• **YOUR TASK**: Set each entry down verbatim, omitting images.

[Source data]
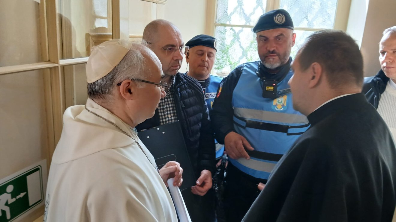 Az iskola felőli oldalon zárva volt az ajtó, így nem tudtak bemenni az épületbe, ezért a templomon keresztül próbálkoztak. Ott azonban épp zajlott a reggeli mise, így pár perc múlva kijöttek onnan. E cikk írásakor még zajlott a mise, így a csendőrök is vártak, hogy azt követően kommunikálni tudjanak Fejes Rudolf Anzelm apáttal.
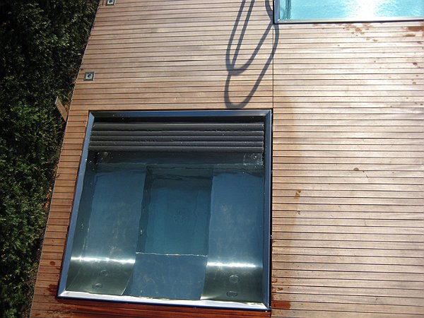 Apertura della tapparella su piscina idromassaggio in Inox - Wirhlpool (interrata):
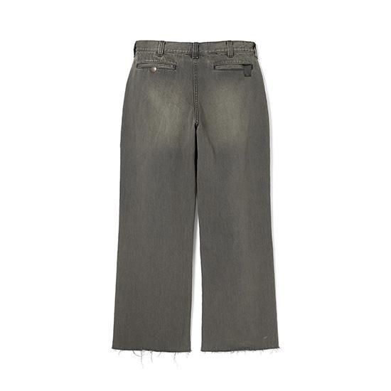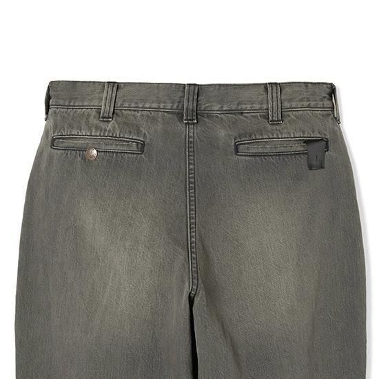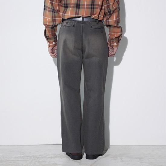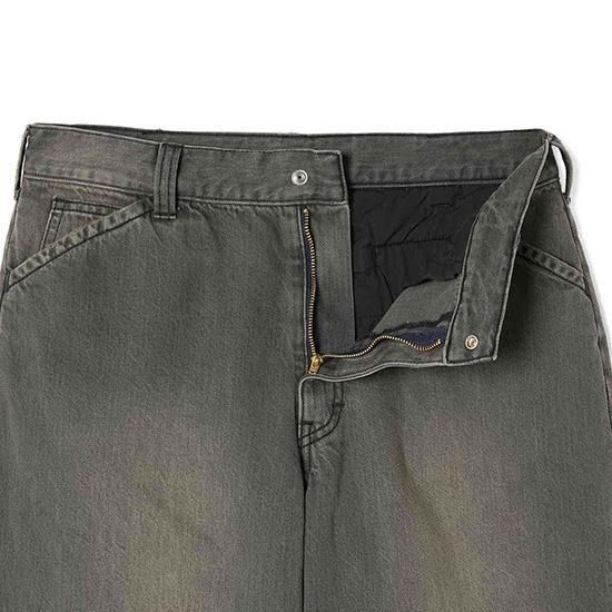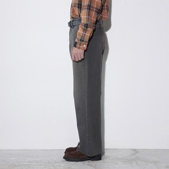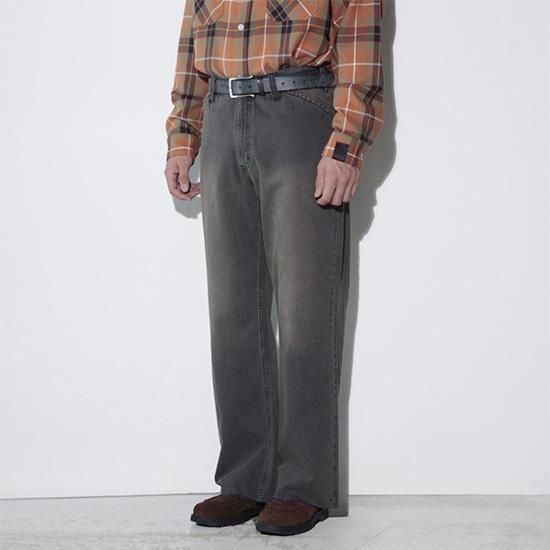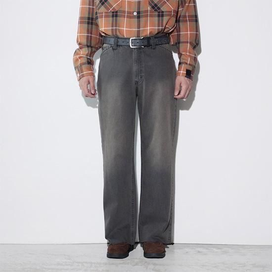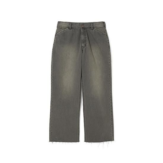 シルエットはワイドなストレートで、素材にはバイオウォッシュ加工を施した11ozデニムを使用し、タフさと程よいこなれ感を兼ね備えています。
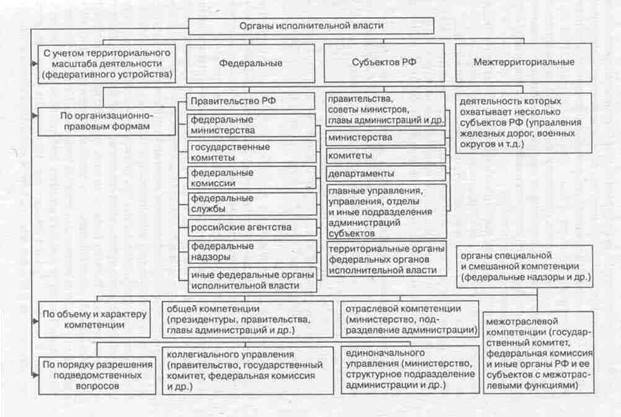 В зависимости от объема и характера компетенции органы исполнительной власти подразделяются на: а) органы общей компетенции, осуществляющие руководство на подведомственной территории всеми или подавляющим большинством отраслей управления и сфер деятельности (президентуры, правительства, главы администраций, губернаторы субъектов Федерации); б) органы отраслевой компетенции, на которые возложено руководство отдельными отраслями управления или сферами деятельности (министерство, структурное подразделение администрации); в) органы межотраслевой компетенции, которые ведают специальными вопросами управления, имеющими межотраслевое значение (государственный комитет, федеральная комиссия и аналогичные органы субъектов Федерации). Из их числа иногда выделяют органы специальной и смешанной компетенции, т.е. сочетающие признаки органов отраслевой и межотраслевой компетенции (федеральные надзоры, агентства и др.).
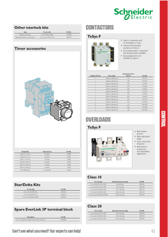 circuit breakers or fuses Commonfrontmounted auxiliaries to TeSys D Serviceable product - spare fixed and moving contacts available Special application coils available on request

• **YOUR RESPONSE**:
 Az iskola felőli oldalon zárva volt az ajtó, így nem tudtak bemenni az épületbe, ezért a templomon keresztül próbálkoztak. Ott azonban épp zajlott a reggeli mise, így pár perc múlva kijöttek onnan. E cikk írásakor még zajlott a mise, így a csendőrök is vártak, hogy azt követően kommunikálni tudjanak Fejes Rudolf Anzelm apáttal.
 Apertura della tapparella su piscina idromassaggio in Inox - Wirhlpool (interrata):
 シルエットはワイドなストレートで、素材にはバイオウォッシュ加工を施した11ozデニムを使用し、タフさと程よいこなれ感を兼ね備えています。
 В зависимости от объема и характера компетенции органы исполнительной власти подразделяются на: а) органы общей компетенции, осуществляющие руководство на подведомственной территории всеми или подавляющим большинством отраслей управления и сфер деятельности (президентуры, правительства, главы администраций, губернаторы субъектов Федерации); б) органы отраслевой компетенции, на которые возложено руководство отдельными отраслями управления или сферами деятельности (министерство, структурное подразделение администрации); в) органы межотраслевой компетенции, которые ведают специальными вопросами управления, имеющими межотраслевое значение (государственный комитет, федеральная комиссия и аналогичные органы субъектов Федерации). Из их числа иногда выделяют органы специальной и смешанной компетенции, т.е. сочетающие признаки органов отраслевой и межотраслевой компетенции (федеральные надзоры, агентства и др.).
 circuit breakers or fuses Commonfrontmounted auxiliaries to TeSys D Serviceable product - spare fixed and moving contacts available Special application coils available on request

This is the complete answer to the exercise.